MagLive: Robust Voice Liveness Detection on Smartphones Using Magnetic Pattern Changes
Xiping Sun, Jing Chen, Cong Wu, Kun He, Haozhe Xu, Yebo Feng, Ruiying Du, Xianhao Chen
TL;DR
MagLive addresses the vulnerability of smartphone voice authentication to replay spoofing by leveraging magnetic pattern changes produced during speech. It introduces a magnetometer-based liveness detector that uses a TF-CNN-SAF feature extractor and supervised contrastive learning to produce user-, device-, and content-irrelevant representations. The approach achieves high security performance, with an average BAC of 99.01% and EER of 0.77% across diverse devices, environments, and attack scenarios, while requiring no active sensing or extra hardware.

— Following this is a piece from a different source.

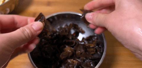 3.木耳提前泡发,洗净后把大的掰成小朵备用

This work demonstrates a practical, on-device defense that strengthens voice authentication on smartphones with minimal user burden.
Abstract
Voice authentication has been widely used on smartphones. However, it remains vulnerable to spoofing attacks, where the attacker replays recorded voice samples from authentic humans using loudspeakers to bypass the voice authentication system. In this paper, we present MagLive, a robust voice liveness detection scheme designed for smartphones to mitigate such spoofing attacks. MagLive leverages the differences in magnetic pattern changes generated by different speakers (i.e., humans or loudspeakers) when speaking for liveness detection, which are captured by the built-in magnetometer on smartphones. To extract effective and robust magnetic features, MagLive utilizes a TF-CNN-SAF model as the feature extractor, which includes a time-frequency convolutional neural network (TF-CNN) combined with a self-attention-based fusion (SAF) model. Supervised contrastive learning is then employed to achieve user-irrelevance, device-irrelevance, and content-irrelevance. MagLive imposes no additional burden on users and does not rely on active sensing or specialized hardware. We conducted comprehensive experiments with various settings to evaluate the security and robustness of MagLive. Our results demonstrate that MagLive effectively distinguishes between humans and attackers (i.e., loudspeakers), achieving an average balanced accuracy (BAC) of 99.01% and an equal error rate (EER) of 0.77%.